Алексей Штейн - Ландскнехт. Часть вторая
Сижу я, значит, потребляю свой паек. В основном все уже отбились, но спят немногие — еще идут тихие разговоры — пересуды. Обсуждают сегодняшнее дело. Ну и завтрашнее, как без того. Все сходятся, что долго так гонять не станут, будет скоро штурм. Меня кто‑то окликнул негромко, спросил мол — как живы, сколько пришло. Отвечаю, жуя, мол, двое нас вышло, третьего наглухо. Но второй спекся, в лазарете отхаживают, но завтра будет, наверное.
И только я к чаю перешел — подсаживается ко мне этот потный тип с нашего взвода. Потный в прямом смысле — вечно он и на морде мокрый, и воняет от него потом. Вроде армия, и нормальное дело — а вот неприятно. И глаза у него — потные. Бегают вечно глазки. И вообще не нравится он мне.
— Слушай, ты это чего? — ото он, значит, мне так говорит. И вроде как с обидой — Ты чего это? Ты к начальству выслуживаться вздумал, да? Думаешь, выше всех нас подняться? Не такой, что ли, как все?

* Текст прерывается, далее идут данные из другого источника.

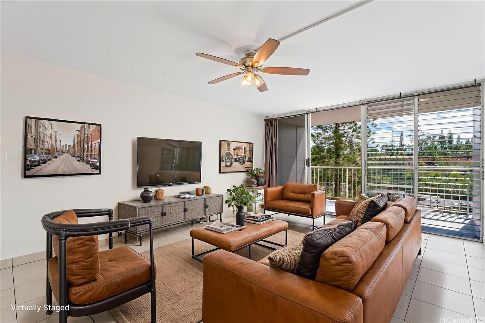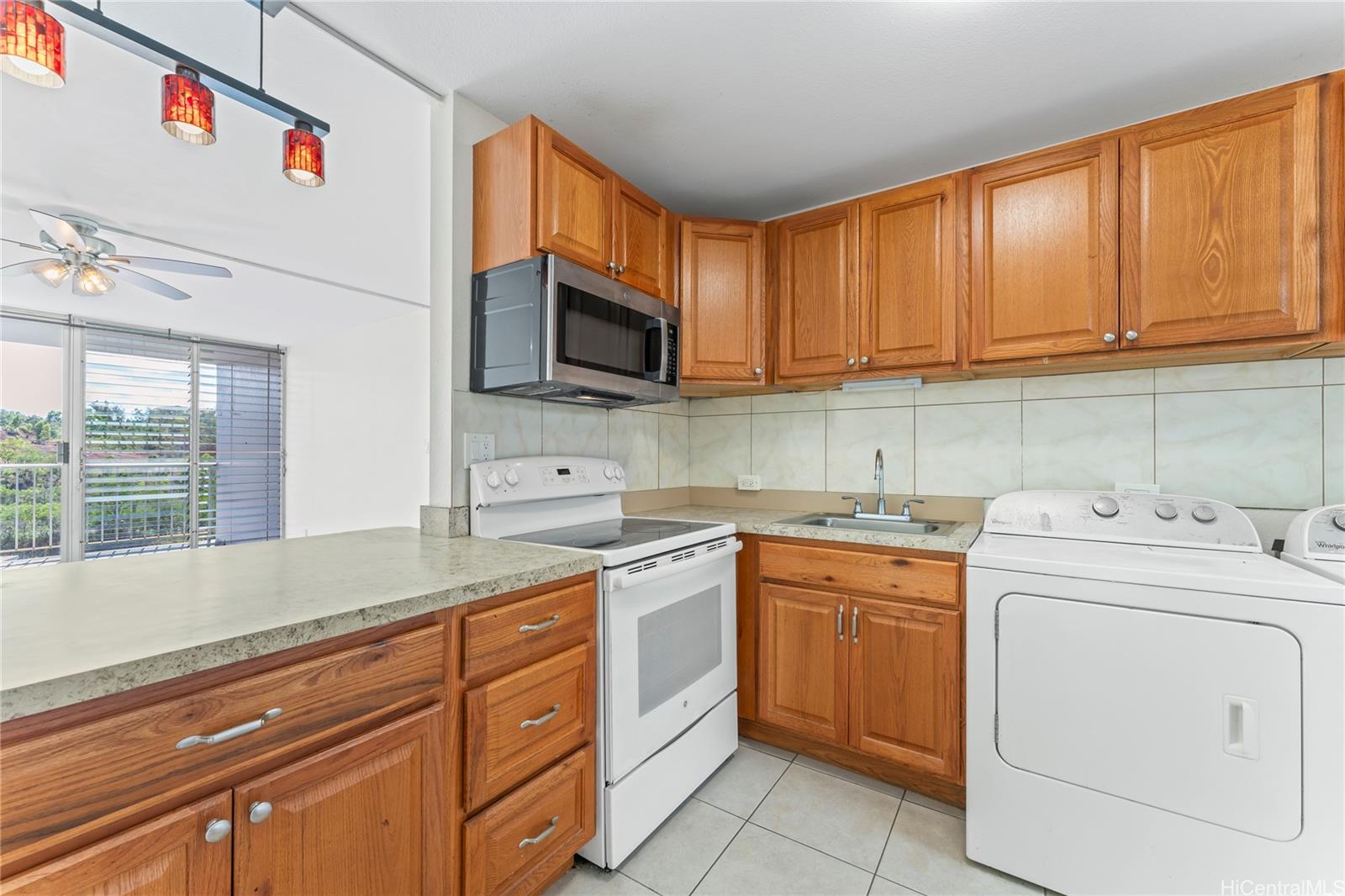 Listed more than $35,000 below assessed value, and it comes with 2 parking stalls! It’s move-in ready and priced to sell. Perfect for first time homebuyers, buyers looking to downsize, or makes a great rental as an investment property. Upgrades include ceramic tile throughout, an updated kitchen with wood cabinets, newer appliances, a full-size washer and dryer, and fresh paint (interior and exterior). The bathroom en-suite has been updated and is outfitted with a newer vanity, a full tub with new tile, and an attached walk-in closet. This sixth-floor corner unit is in a great spot to catch the tradewinds. This property hosts a large, covered lanai, just shy of 100sf, that overlooks a nicely landscaped grassy garden area.

— Ты о чем это? — отвлекает, сволочь, чай просто прелесть, а он тут идиллию портит
— Ты не умничай! Ты винтовку Алема зачем тащил? И у убитого подобрал? Выслужиться хочешь? И самого Алема тащил. Хочешь быть добреньким? — аж наклонился ко мне, туша эдакая. Только что слюной не брызжет. Чай с сожалением отставляю подальше, обидно ж будет, если пролью такой напиток. А оно все продолжает громким шепотом, так что всем нашим, притихшим, пожалуй слышно — Ты учти! Мы тут все одинаковые! Понял? И доля у всех одинаковая, ясно тебе? Не вздумай! Все одно тебе никаких поблажек не видать, понял? Сдохнешь, как все, и никто…
— Подожди, мил человек. — говорю ему — Просьба у меня к тебе серьезная есть. Отодвинься от меня, пожалуйста, метра на два. Чтобы, не приведи Боги, я, случайно, конечно, тебя прикладом не зашиб, больно, коли стану тут ворочаться….
— Чего — о? — он же натурально не понял, похоже. Ну, тут, наверное, за весь день, да и за все прошлое — у меня и упало.
Сгреб я его за ворот, к себе прижал, попутно так держу, чтоб и в темноте чуять, если он руками двигать начнет. Но это как‑то краем, а остальной мозг не работает — злоба какая‑то, аж через край. Морду его свинячью при отсветах костерка видать не ахти, но я приблизил лицо, в глаза прямо смотрю, и шиплю как змеюк какой:
— Слушай сюда, животное. Держись от меня теперь подальше, понял? А что кому делать — будешь бабе своей говорить, и то, если она тебе позволит. Ты понял меня, тварь? И запомни — если ты еще кого во взводе будешь подучать, что жить надо по — волчьи, а не по — человечьи, то ведь рано или поздно с тобой беда будет. И уж поверь — вот тебя я не потащу никуда. И — не удивляйся, если и никто не потащит. А сейчас — три вздоха, и нет тебя рядом. Потому что про приклад я не шутил. А то и штык у меня примкнутый, как бы ненароком твой поганый ливер не выпустить, в темноте‑то… случайно. Пшел отсюда!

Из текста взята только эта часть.